O2C segment EBITDA is expected to decline 5% YoY to ₹12,893 crore, according to Jefferies.

However, some relief has come from the government, which has reduced the windfall it levied on domestic oil and gas producers in July. Since the taxes are directly linked to global crude oil prices, it will bring little relief to the margins of RIL, which imports crude oil and exports refined products. Sequentially, however, it can have an impact.

Analysts at Nomura peg Reliance’s refining margins in Q3 at $10, an improvement from $8.9 in Q2. Crude oil windfalls were softened from ₹23,260 per ton in July 2022 when it was introduced, to ₹1,900 per ton now.

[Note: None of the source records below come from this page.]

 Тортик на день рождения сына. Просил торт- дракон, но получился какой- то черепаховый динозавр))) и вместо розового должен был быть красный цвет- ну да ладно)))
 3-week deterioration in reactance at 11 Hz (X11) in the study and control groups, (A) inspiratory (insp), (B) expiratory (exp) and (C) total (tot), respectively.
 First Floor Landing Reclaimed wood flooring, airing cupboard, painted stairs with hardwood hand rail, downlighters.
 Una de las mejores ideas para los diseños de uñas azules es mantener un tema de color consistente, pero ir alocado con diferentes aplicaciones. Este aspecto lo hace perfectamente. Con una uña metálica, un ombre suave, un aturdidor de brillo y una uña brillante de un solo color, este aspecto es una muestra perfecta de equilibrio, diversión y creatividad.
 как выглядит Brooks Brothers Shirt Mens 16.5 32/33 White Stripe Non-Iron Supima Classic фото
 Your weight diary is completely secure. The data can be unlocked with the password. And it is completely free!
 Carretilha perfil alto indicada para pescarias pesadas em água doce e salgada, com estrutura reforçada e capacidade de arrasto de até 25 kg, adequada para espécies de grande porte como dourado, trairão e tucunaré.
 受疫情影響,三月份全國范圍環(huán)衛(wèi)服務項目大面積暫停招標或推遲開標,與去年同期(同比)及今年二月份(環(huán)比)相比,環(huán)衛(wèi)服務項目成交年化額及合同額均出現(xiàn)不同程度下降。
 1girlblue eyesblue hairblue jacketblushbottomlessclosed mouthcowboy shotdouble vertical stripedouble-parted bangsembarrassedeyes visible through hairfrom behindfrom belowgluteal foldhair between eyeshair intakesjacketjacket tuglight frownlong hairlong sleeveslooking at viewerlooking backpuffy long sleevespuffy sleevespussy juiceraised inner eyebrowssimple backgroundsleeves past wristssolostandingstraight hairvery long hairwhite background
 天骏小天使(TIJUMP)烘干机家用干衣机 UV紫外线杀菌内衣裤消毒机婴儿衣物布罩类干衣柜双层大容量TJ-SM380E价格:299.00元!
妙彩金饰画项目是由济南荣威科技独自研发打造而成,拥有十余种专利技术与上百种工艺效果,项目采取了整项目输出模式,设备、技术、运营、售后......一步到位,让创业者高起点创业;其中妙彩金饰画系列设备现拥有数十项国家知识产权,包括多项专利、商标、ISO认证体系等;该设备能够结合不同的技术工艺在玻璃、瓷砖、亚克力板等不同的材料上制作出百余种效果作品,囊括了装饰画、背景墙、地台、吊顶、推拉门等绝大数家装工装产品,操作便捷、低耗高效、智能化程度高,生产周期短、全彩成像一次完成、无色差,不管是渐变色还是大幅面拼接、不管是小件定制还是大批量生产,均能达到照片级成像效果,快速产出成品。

Festive cheer from the retail segment

As Dmart’s margins fell to a multi-year low in its third-quarter earnings announced last week, analysts expect a good showing from Reliance Retail, supported by holiday performance in the fashion and grocery segments.

In addition to festive demand, store expansions are also expected to boost segment EBITDA – broker estimates put sequential growth at between 8-10%.

According to Jefferies, the EBITDA of this segment is expected to report year-over-year growth of 27% at ₹4,857 crore.

Analysts say that Jio’s average revenue per user (ARPU) could improve with a modest sequential increase of 1.8% to ₹179-180. Most brokers also believe that the telecom’s net subscriber base for the quarter is around 5-8 million.

Jefferies expects Jio’s EBITDA to increase 24% year-over-year to ₹12,636 crore.

What to look out for: New energy, telecom rate increases, and store additions

Among the key announcements to look out for in Reliance’s Q3 earnings are clarity on the company’s new energy business of ₹75,000 crore, increases in telecom tariffs and retail additions.

Now that the government has approved the Green Hydrogen mission to develop a capacity of 5 million tonnes by 2030, along with an associated addition of 125 gigawatts of renewable energy, developments in Reliance’s green energy ambitions will be one of the key aspects are to watch out for.

Aside from this, the long-awaited rate hikes in the telecom segment will also be worth looking forward to, especially now that Jio has rolled out 5G in 134 cities across the country.

Finally, developments in the conglomerate’s retail business, including store expansions and plans to integrate Metro Cash & Carry, will be one of the most important things to look forward to. In December, Reliance’s retail arm Reliance Retail Ventures said it had agreed to acquire Metro Cash & Carry for ₹2,850 crore.